Distribution of pharmaceuticals
Denmark has three wholesalers distributing drugs to private pharmacies in addition to some wholesalers that only deal with drugs for veterinary use. Wholesale profits are fixed through individual negotiations between manufacturers or importers and wholesalers and the profit level is determined through competition.
Pharmaceutical products are distributed by privately owned pharmacies in the primary care sector and by hospital pharmacies in the hospital sector (with each county running several hospital pharmacies). Private pharmacies are organized as a liberal profession, but subject to comprehensive state regulation. The Ministry of Health decides on the number and geographical location of pharmacies and pharmacy owners must be authorized by the Ministry of Health. There are currently 287 pharmacies in Denmark, but drugs may be sold in as many as 1700 different retail outlets. From October 2001 other outlets have been authorized to sell non-prescription drugs. Pharmacies are organized in such a way as to ensure that everybody has reasonable access to a pharmacy, even in rural areas where pharmacies may not be profitable. A collective financial equalization system is in place, with pharmacies with above average turnovers contributing to pharmacies with below average turnovers.

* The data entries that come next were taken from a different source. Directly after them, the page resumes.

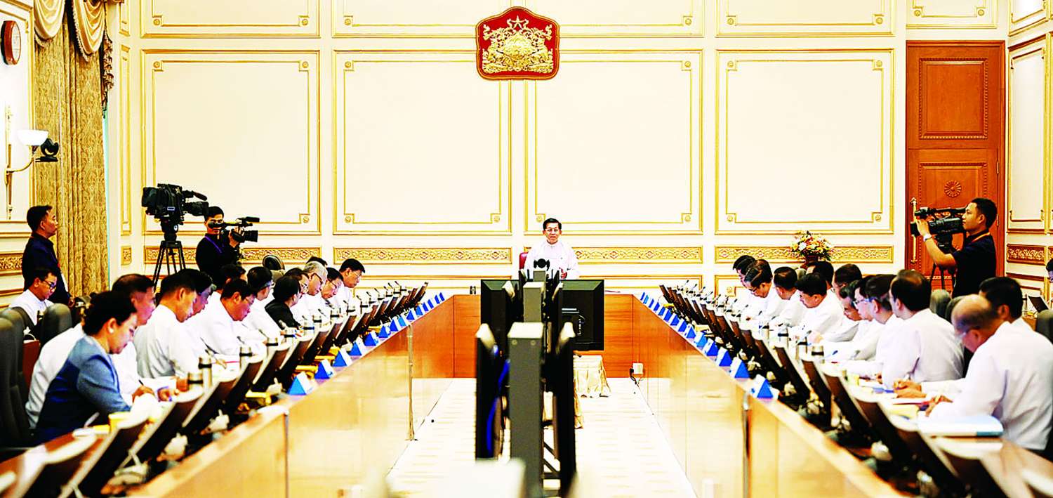 ပြည်ထောင်စုအစိုးရအဖွဲ့အစည်းအဝေး အမှတ်စဉ် (၆/၂၀၂၃) ကို ယနေ့နံနက်ပိုင်းတွင် နေပြည်တော်ရှိ နိုင်ငံတော်စီမံအုပ်ချုပ်ရေးကောင်စီဥက္ကဋ္ဌရုံး အစည်းအဝေးခန်းမ၌ကျင်းပရာ နိုင်ငံတော်စီမံအုပ်ချုပ်ရေးကောင်စီဥက္ကဋ္ဌ နိုင်ငံတော်ဝန်ကြီးချုပ် ဗိုလ်ချုပ်မှူးကြီး မင်းအောင်လှိုင် တက်ရောက်အမှာစကားပြောကြားသည်။
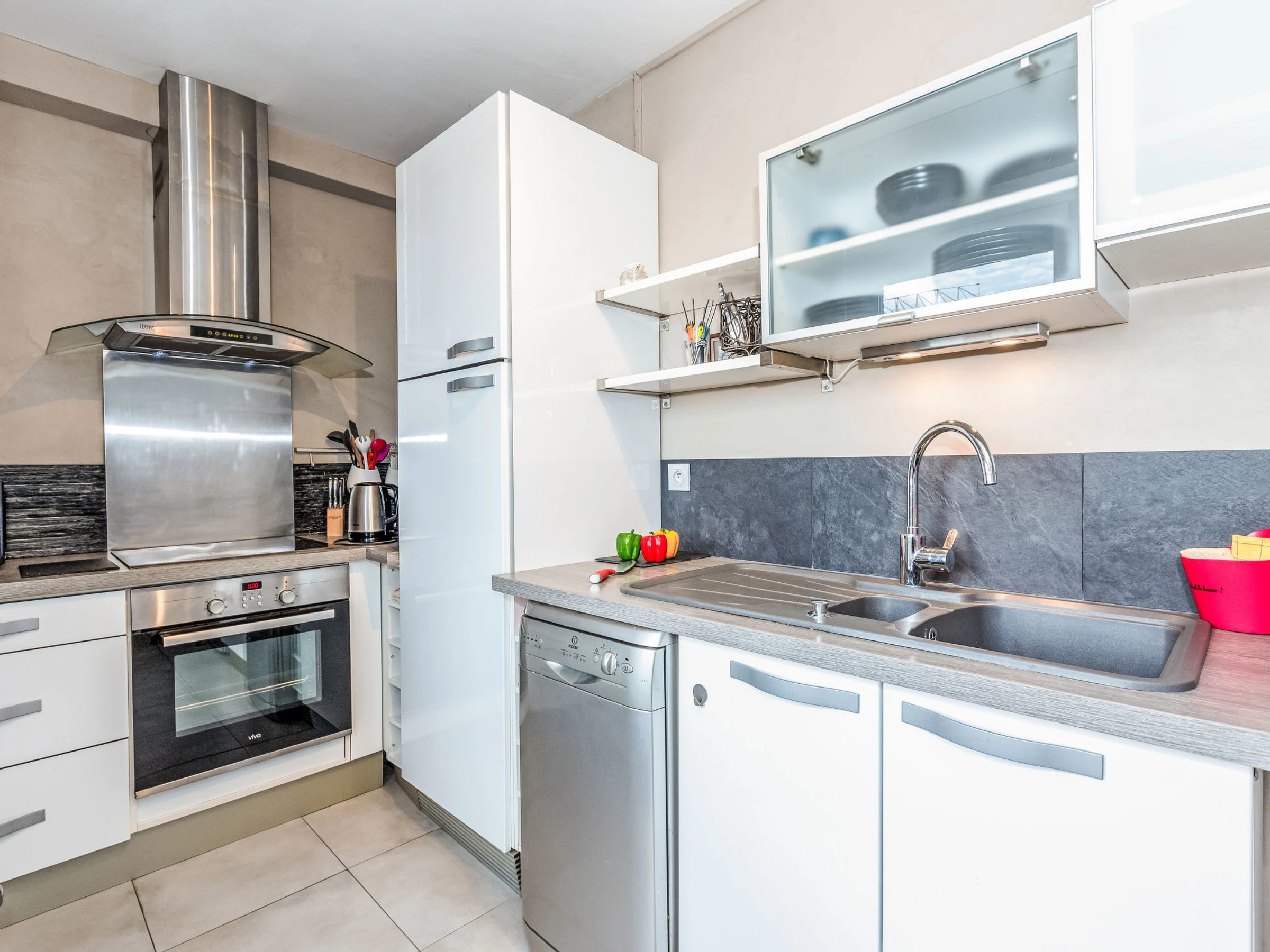 3-room apartment 63 m2 on 4th floor. Spacious and bright, comfortable and tasteful furnishings: large living/dining room with TV (flat screen). Exit to the terrace. 1 room with 2 beds (90 cm, length 190 cm). 1 room with 1 french bed (1 x 140 cm, length 190 cm), TV (flat screen). Exit to the terrace. Kitchen (oven, dishwasher, 4 ceramic glass hob hotplates, toaster, microwave, freezer, electric coffee machine). Shower, sep. WC, double hand-basin. Electric heating. Heating available only from 15.10. to 15.04. Small balcony, east facing position, large terrace 12 m2, west facing position. Balcony furniture. Side view of the sea. Facilities: washing machine, children's high chair, baby cot, hair dryer. Internet (WiFi, free). Parking space n 28 (roofed, fenced 1 car). Please note: smoke alarm. Offer by a private individual according to Art. 155, IV of CGI. [hidden]
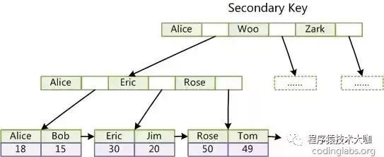 ② 当b+树的数据项是复合的数据结构,比如(name,age,sex)的时候,b+数是按照从左到右的顺序来建立搜索树的,比如当(张三,20,F)这样的数据来检索的时候,b+树会优先比较name来确定下一步的所搜方向,如果name相同再依次比较age和sex,最后得到检索的数据;但当(20,F)这样的没有name的数据来的时候,b+树就不知道下一步该查哪个节点,因为建立搜索树的时候name就是第一个比较因子,必须要先根据name来搜索才能知道下一步去哪里查询。
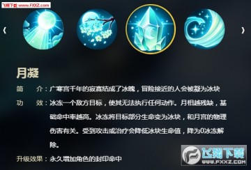 月凝:冰冻一个敌方目标,使其无法执行任何动作。命中率仅和月相有关,月相越残缺,命中率越高。冰冻将目标部分生命变为冰块,和月宫的物理伤害有关。受到攻击或治疗会降低冰块生命值,降为0冰冻解除。
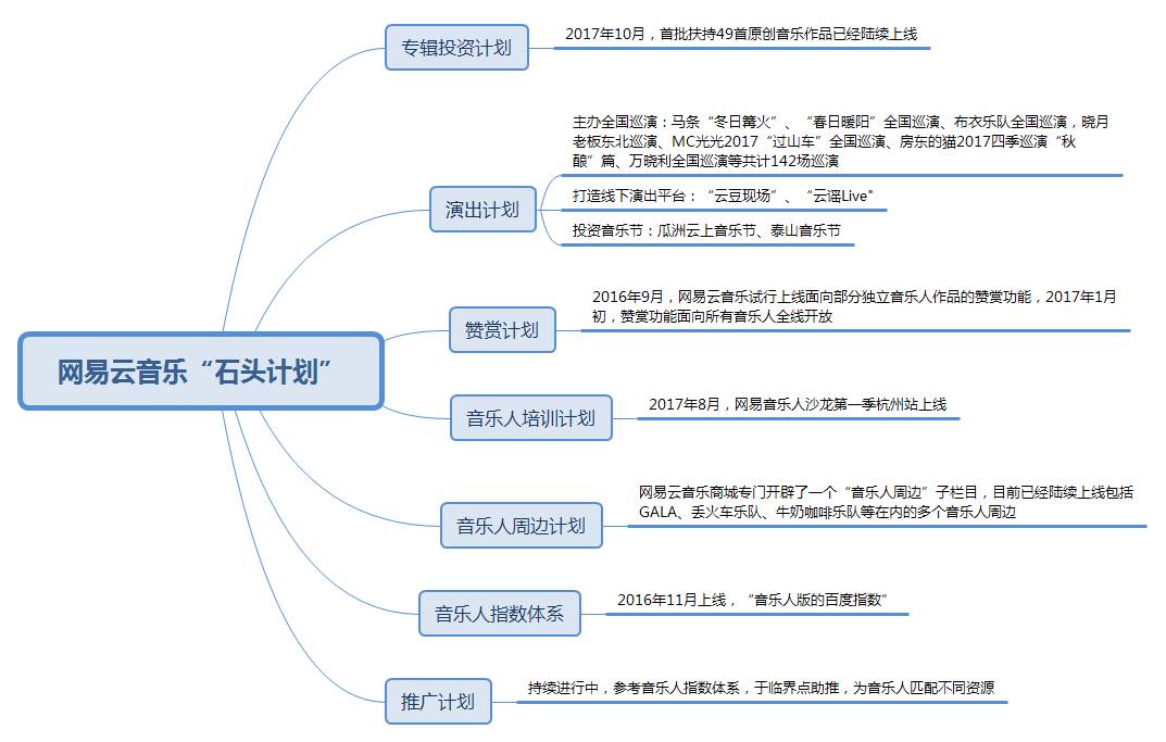 可以肯定的一点是,网易云音乐对于“石头计划”项目的重视程度很高,其优先级已经被列于其他许多项目之上。团队投入了大量人力、物力、财力,围绕七大子计划逐步推进,其中,又以与音乐人发展最为紧密的两个计划,专辑投资计划和演出计划,作为重中之重,投入最多。
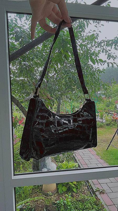 Сумочка крокодил сумка клаптя багет крокодилова крокодиловий ретро чорна чорний рюлак лако...
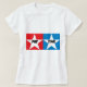 Seja seu próprio POP STAR! Camiseta com texto "pop star" em caixas de estrelas vermelhas e azuis.
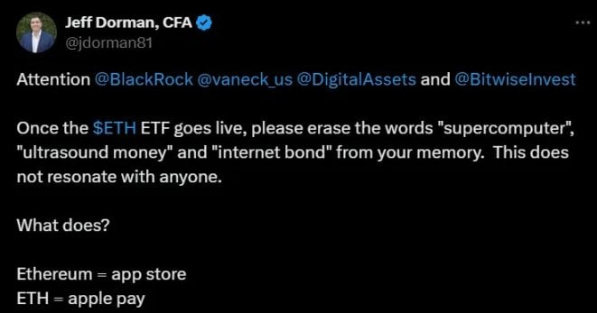 David:好的,现在我们来谈谈第二个叙述:Ethereum 是一个应用商店(app store)。这个理念来自 Jeff Dorman,他在推文中写道:「注意 BlackRock、VanEck、Digital Assets 和 Bitwise:一旦 ETH ETF 上市,请删除 「超级计算机」、「超稳健货币」 和 「互联网债券」 这些词汇。这些词汇对任何人都没有共鸣。什么叙事才有共鸣呢?那就是 Ethereum 是一个应用商店。」这种角度吸引了许多人,因为对于那些没有加密背景、不知道 Ethereum 是什么的人来说,也会对这个概念非常熟悉。
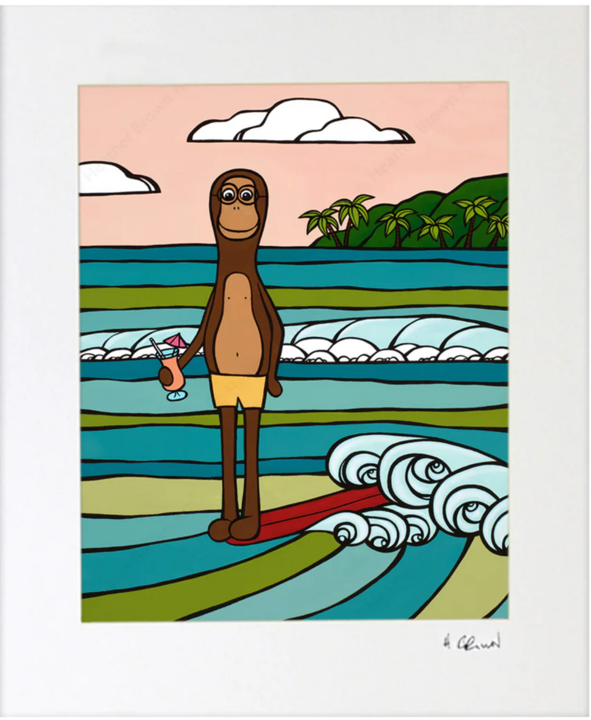 遊び心のあるサルとワイキキの波 - マットアートプリント 「フランシスというお猿は、靴を脱いでワイキキの夜を楽しむのが大好きです!」 - H. ブラウン トロピカルドリンクを片手に波乗りを楽しむ、遊び心のあるサルの鮮やかな描写。ヘザー・ブラウンによるハワイのトロピカルアート作品は、ご自宅のインテリアに安らぎと喜びをもたらします。 オアフ島ノースショアのサーフアーティスト、ヘザー・ブラウンによるマットプリント。エンボス加工のマット付きで、再生紙とサトウキビ紙を使用しています。裏面にはアーティストの略歴が添えられており、3サイズからお選びいただけます。プリントに合わせて、様々な色を取り揃えた手作りのフレームをご用意しております。お客様のインテリアニーズに合わせてお選びいただけます。フレームの製作には、可能な限り再生木材やリサイクル木材を使用するよう努めています。 紙にジクレー印刷 マットサイズ: 8 x 10インチ / 約30.5 × 30.5 cm 11 x 14インチ / 約27.9 x 35.6 cm 16 x 20インチ / 約40.6 x 50.8 cm 額装サイズ: 8x10インチプリント:12.75 x 14.75インチ / 約32.4 x 37.5 cm 11x14インチプリント:15.75 x 18.75インチ / 約40 x 47.6 cm 16x20インチプリント:20.75 x 24.75インチ / 約52.7 x 62.9 cm...
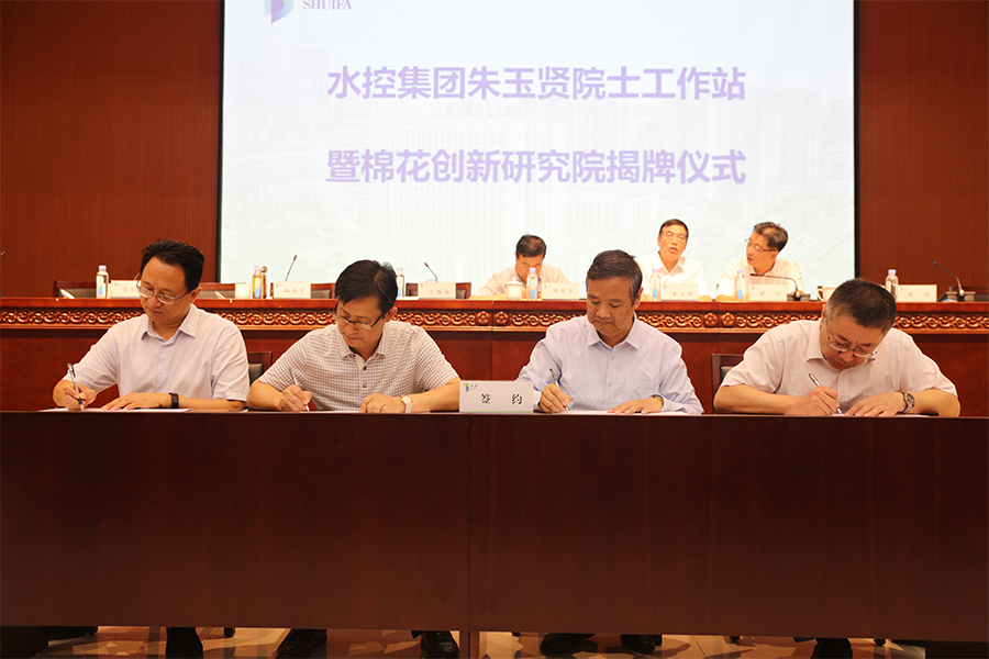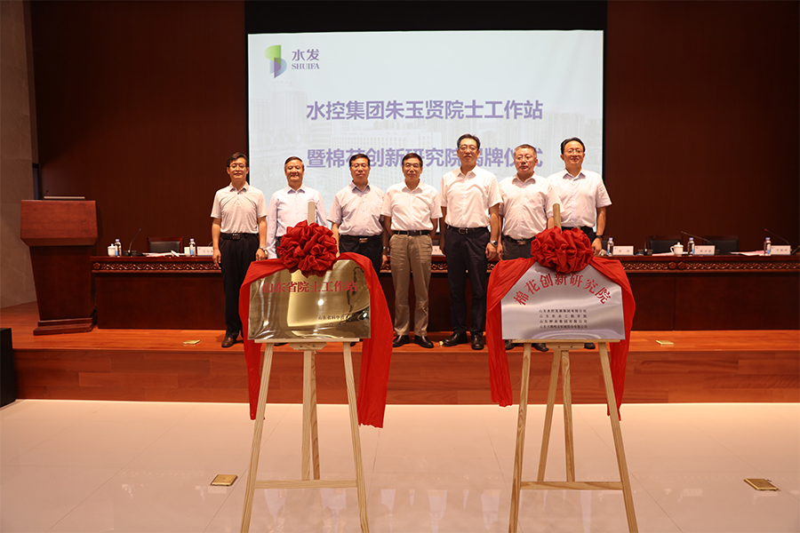 随后,朱玉贤、潘军、刘肖军、吴东振、王西奎、刘琦、杨丙生一同为水控集团朱玉贤院士工作站和棉花创新研究院揭牌。

Pharmacies’ total gross profits are fixed by the Ministry of Health and the Danish Association of Pharmacists every two years on the basis of current figures and forecasts. In 2000 and 2001 the total gross profit of the 287 pharmacies was DKK 2015 and DKK 2044 million per year respectively, corresponding to less than 25% of expected annual turnover (exclusive of value added tax).
Hospitals can choose to buy drugs from these private pharmacies or through hospital pharmacies. Hospitals buy approximately 90% of their drugs from hospital pharmacies. Where hospitals buy drugs from private pharmacies, the retail price is based on the hospital’s drug purchases in the preceding year. Some of the hospital pharmacies have established AMGROS, a wholesaler that invites tenders for pharmaceutical contracts. Most hospital pharmacies buy drugs through AMGROS.